The projected costs for 170 million Americans in the commercial health insurance market – which includes the individual, small-group and large-group markets – for testing, treatment and care specifically related to the COVID-19 coronavirus will range from a low of $ 34 billion to $ 251 billion or more in the first year of the pandemic.
That’s according to Covered California, which on Monday released what it said was the first national projection of healthcare costs due to the coronavirus pandemic.
The numbers suggest a substantial impact. The $ 251 billion worst-case scenario could be realized if there’s no federal action to slow the spread, and consumers will feel these increased costs through higher out-of-pocket expenses and premiums. There’s also the potential of employers shifting more costs to employees, or dropping coverage altogether.
Covered California’s chief actuary, John Bertko, prepared the report after engaging with external actuaries with deep expertise in the commercial insurance markets, and after analyzing expert clinical reviews and interviews with health insurance plan leaders.
WHAT’S THE IMPACT?
The potential COVID-19 costs for 2020 could range from 2% of premium to more than 21% of premium, the analysis showed.
Premiums in the individual and employer markets for 2021 – which are in the process of being set right now – could rise 40% or more solely because of these unexpected COVID-19 costs, in the absence of federal action, since insurers would seek to recoup unplanned for losses from 2020 and budget for pandemic-related costs in 2021.
Insurers will submit their 2021 rates in May and finalize them around July 1. That means congressional action would be needed soon to have an impact on 2021 premiums.
The increased costs could have one chilling side effect: During a global health crisis, many of the 170 million Americans in the commercial market could lose their coverage. Costs would also have a detrimental effect on small businesses and large businesses that are struggling.
Covered California has sent the policy/actuarial brief to members of Congress to help inform ongoing discussions at the federal level about how to handle the COVID-19 response. The group suggested several actions that Congress could take to mitigate the potential impact of these cost increases on consumers.

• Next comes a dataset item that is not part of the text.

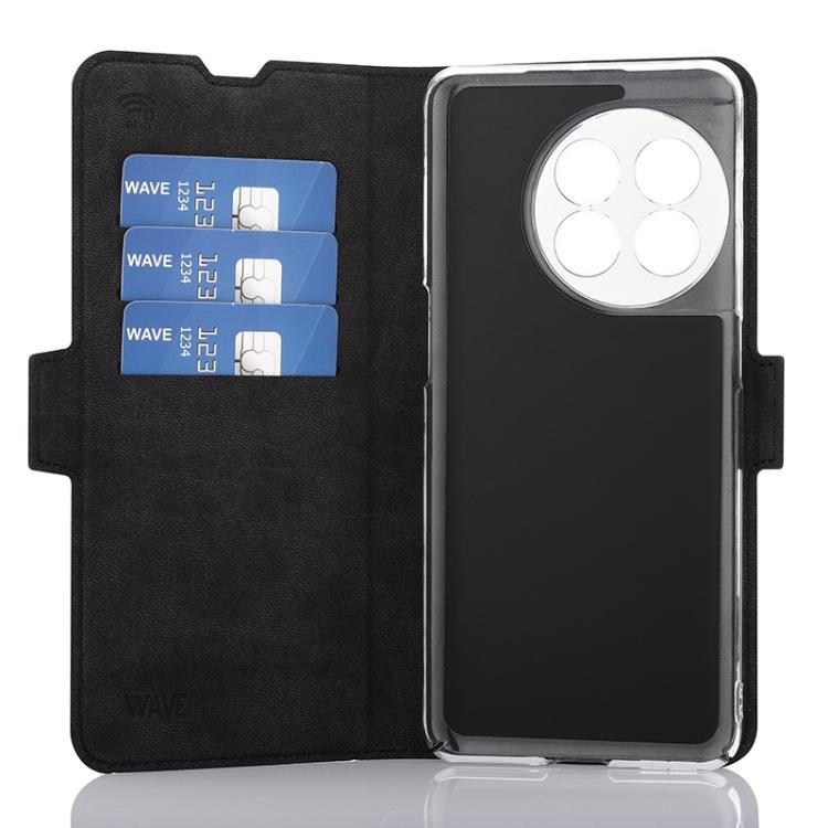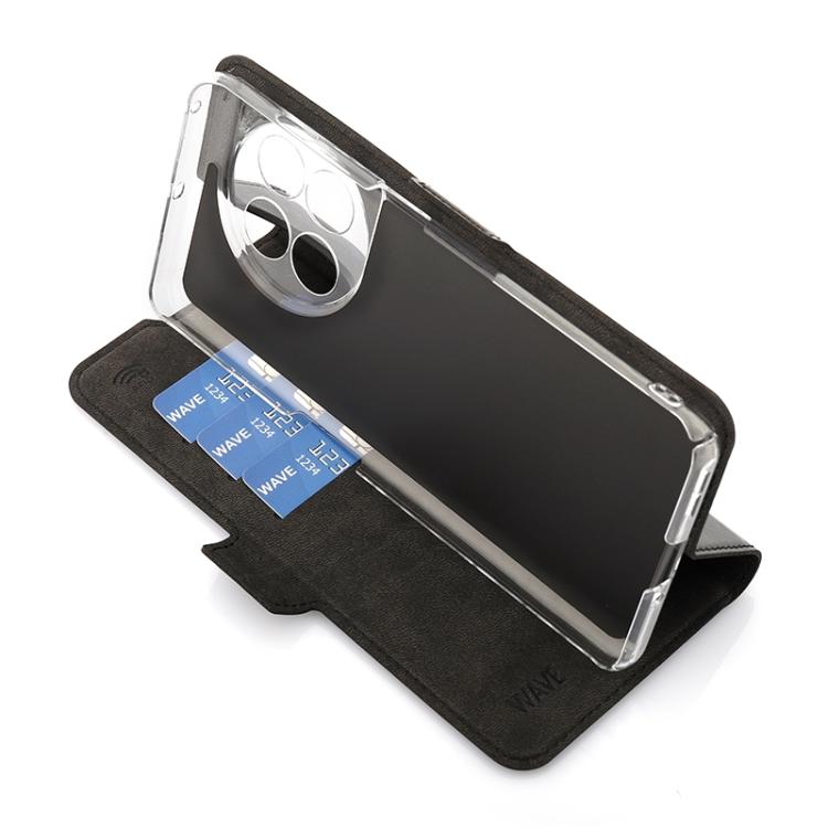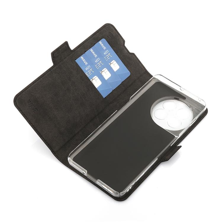 Wave Book Case musta suojakotelo OnePlus 11 puhelimelle. Magneettisulkuinen kansi, korttipaikat RFID suojauksella ja läpinäkyvä muovikelkka (PC). Pintamateriaali laadukasta nahkaa.

It recommended enhancing the federal financial assistance provided in the individual market to increase the level of tax credits for those earning under 400% of the federal poverty level, and expanding subsidies to those earning more than 400% FPL, as California implemented on a three-year basis in 2020.
It also suggested establishing a temporary program to limit the costs of COVID-19 for health insurers, self-insured employers and those they cover, which would directly benefit individuals and small employers for 2020 and allow for more certainty in their pricing for 2021. Congress could also establish a national special-enrollment period for the individual market, such as has already been adopted by 12 marketplaces, representing 30% of Americans, Covered California said.
Covered California’s analysis comes just days after it announced a special-enrollment period for uninsured individuals who need healthcare coverage amid the COVID-19 pandemic. From now until June 30, anyone who meets Covered California’s eligibility requirements can enroll in healthcare coverage, in a manner similar to the rules in place during the annual open-enrollment period.
While Covered California’s analysis deals with the commercial market, other populations – including those in Medicare, Medicaid, and other public programs, and the uninsured – will also need a comprehensive review and solutions to address the unplanned-for costs, authors said.
THE LARGER TREND
Consumers aren’t the only ones who could feel the pinch. Because of the outbreak, the financial outlook for the nonprofit public-healthcare sector in the U.S. has changed from stable to negative, Moody’s Investors Service found. That prediction will likely result in decreased revenues and increased expenses, with higher staffing costs and a greater need for supplies, such as personal protective equipment.
Lingering ripple effects of this challenging economic situation will also drive lower cash flow, even after the outbreak is contained. These effects include a reduction in the value of hospitals’ investment portfolios and potential rising unemployment or widespread layoffs that would result in the loss of health benefits.